韓流年抱歉地說:“爺爺,改天吧,我還有事,我得先走了。”

唐爺爺看著韓流年離開的背影,默默地歎著氣,他老了,能幫孫女做的事情也隻能到這裏,結果好壞,他不想管,也管不著。

那天,新聞一出,唐又晴哭著跑到他的書房裏,噗通一聲跪在地上,她說她跟韓流年是真心相愛,可是韓流年對舒舒有責任,舒舒流了孩子,韓流年對她還有愧疚。

她一邊哭一邊說,她跟韓流年是情不自禁,兩個人都熬得很辛苦,沒想到會被記者拍到。

他很用力地打了孫女一耳光,兩家人的臉都被他們給丟光了。

“爺爺,您幫幫我這一次,韓流年也是需要壓力的,我不管人家怎麼看我,我隻要跟他在一起,反正新聞都爆出來了,韓流年就可以理所當然地對我負責啊。”

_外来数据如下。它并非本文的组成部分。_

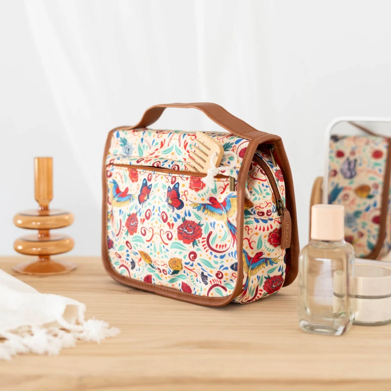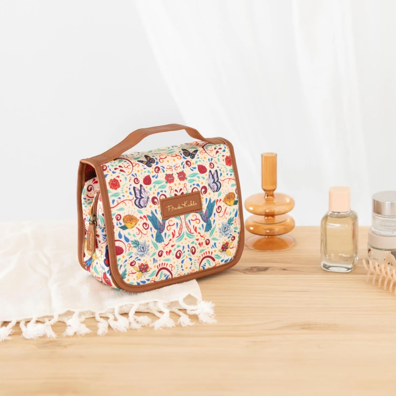 Este neceser colgante de Frida Kahlo puede servir como neceser de viaje y como bolsa organizadora para tus objetos personales. Su diseño está compuesto por un bonito estampado con motivos florales inspirados en Frida Kahlo.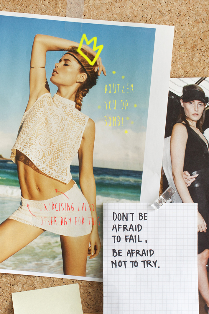 I'm trying to be more creative here. I noticed that I don't really use my pinboard, which has been hanging over my desk in my room. So I decided to use it as inspirational board and pin pictures on it, that have been inspiring me throughout a month. Not only fashion related things, but also motivational pictures and quotes or my latest youtube or music finds. After I've collected a good amount of pictures, I'll post a picture of my pinboard here and share it with you. I have never seen something like this before and I thought it would be quite fun.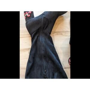Lane Bryant Soft Embroidered Flowers Back Block Heel High Boots Size 10W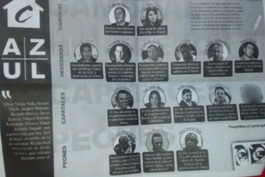 De igual forma, en el documento se realizó un organigrama donde se dividen las líneas políticas en gamonales, herederos, capataces y peones, dejando en esta última línea al actual rector de la UT Omar Mejía Patiño.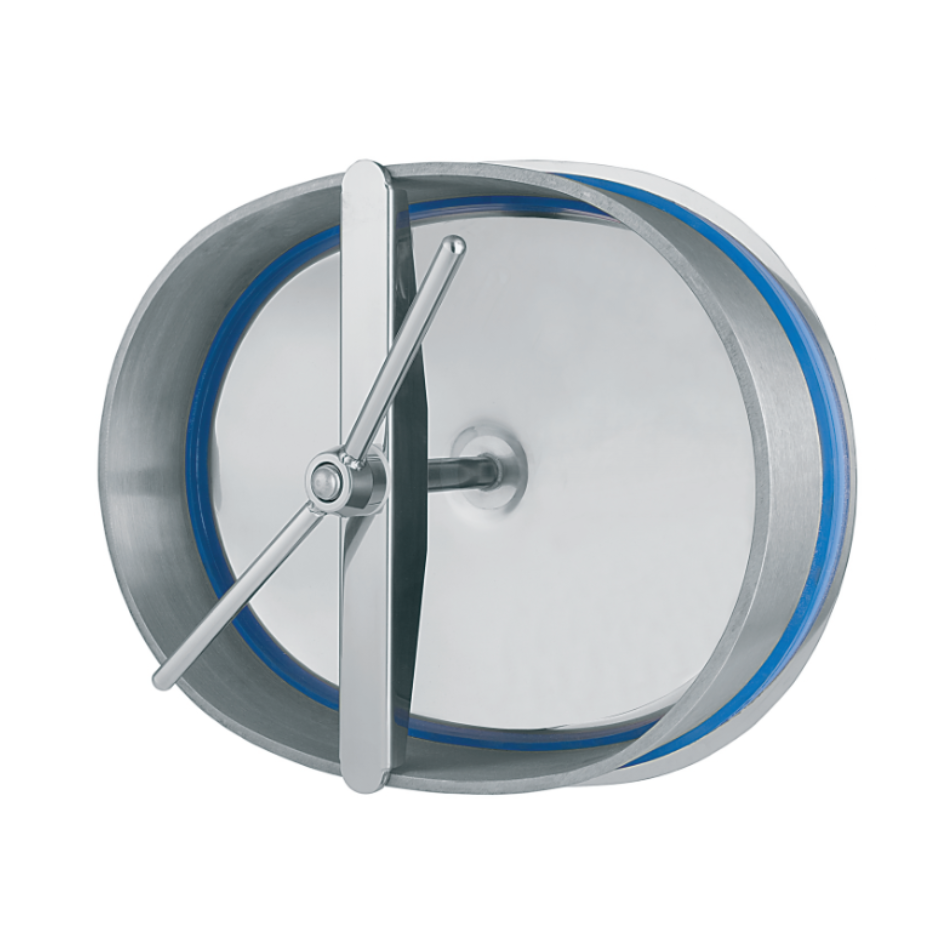 Овальний люк з нержавіючої сталі E156 – це дуже великий люк із міцною, компактною конструкцією, який відкривається всередину резервуара. Крім того, отвір у обшивці резервуара завширшки понад пів метра, що утворюється після відкривання люка, забезпечує вільний доступ до його внутрішнього простору під час сервісного обслуговування або інспекцій. Надійний внутрішній шарнір безпечно утримує кришку люка у відкритому положенні. Цей тип люка оснащують ущільненням, закріпленим по периметру фланця/рами, і монтують у бічну обшивку резервуарів з нержавіючої сталі.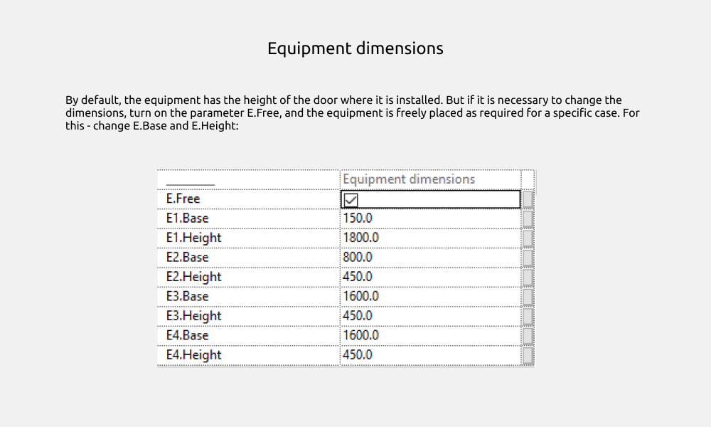 By default, the equipment has the door height in which it is installed. But if you need to change the dimensions, then put the number 0 in the E.Position parameter and the equipment is freely placed as needed for a specific case. To do this, change E.Base and E.Height.

“又晴,”唐爺爺踱著手裏的拐杖,從來都沒有這麼生氣過,“你怎麼這麼不懂事,你跟韓流年兩個人真是糊塗啊。”

“爺爺,爺爺,求求你,成全我們吧,我們也是情不自禁,韓流年有他的責任,要是不給他一點壓力,他一定不會跟舒舒離婚,爺爺,就讓我做這個惡人吧,我對不起舒舒,我可以拿別的東西補償她。”

“唉,你呀……”

這是一個月之前的情景,一個月之後,唐爺爺似乎也看清了事實,韓流年並非像孫女說的那樣你情我願,可是他再也不想管了,一輩子最的最後悔的事情,就是答應了孫女去韓家逼婚施壓,賠上了與韓家這麼多年的交情不說,還把韓流年和舒舒都給害了。

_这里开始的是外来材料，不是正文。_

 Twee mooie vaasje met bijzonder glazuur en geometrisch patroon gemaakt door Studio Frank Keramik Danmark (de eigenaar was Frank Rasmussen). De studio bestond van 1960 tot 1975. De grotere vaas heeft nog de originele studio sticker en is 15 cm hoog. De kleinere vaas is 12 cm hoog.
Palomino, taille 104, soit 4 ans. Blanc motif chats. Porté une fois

胡欣追出來叫韓流年,韓流年已經走遠,她不好意思地對唐老說:“他工作是挺忙的,嗬嗬,爺爺您別怪他。”

唐老搖搖頭,“不怪,這事本來就不能怪他,是我們家又晴不懂事,唉……”

老人又重重地歎了一口氣,胡欣也默默地歎氣,廚房裏陳永卉更是心疼地歎氣。

韓流年一走,房間裏的唐又晴就趕緊找來手機,哆哆嗦嗦地撥打了李長治的電話,“喂,長治,韓流年好像知道了什麼,怎麼辦?”

李長治沉穩的聲音傳來,“好像?他跟你說了什麼?”

“我剛從醫院回來,他說是我害了舒舒的孩子,還說若要人不知除非己莫為這種話,我好怕。”

“別怕,以他衝動暴躁的性子,若是有了證據一定會有所行動的,但是沒有。你別被他幾句話就嚇到了,記住,什麼都別承認。”

“嗯!”唐又晴連連點頭,“對了,我懷孕了。”

李長治一頓,隨後淡淡地開口,“懷孕?哦……那韓流年有什麼反應?”

“他說他很懷疑孩子是不是他的,等孩子出生要去驗dna。”

“這是他的孩子他賴不掉,你安心養胎,一切都是我做的,與你無關。”

“長治,我們好像太樂觀了,韓流年說即使孩子是他的,他也不會跟我再過下去,我徹底完了。”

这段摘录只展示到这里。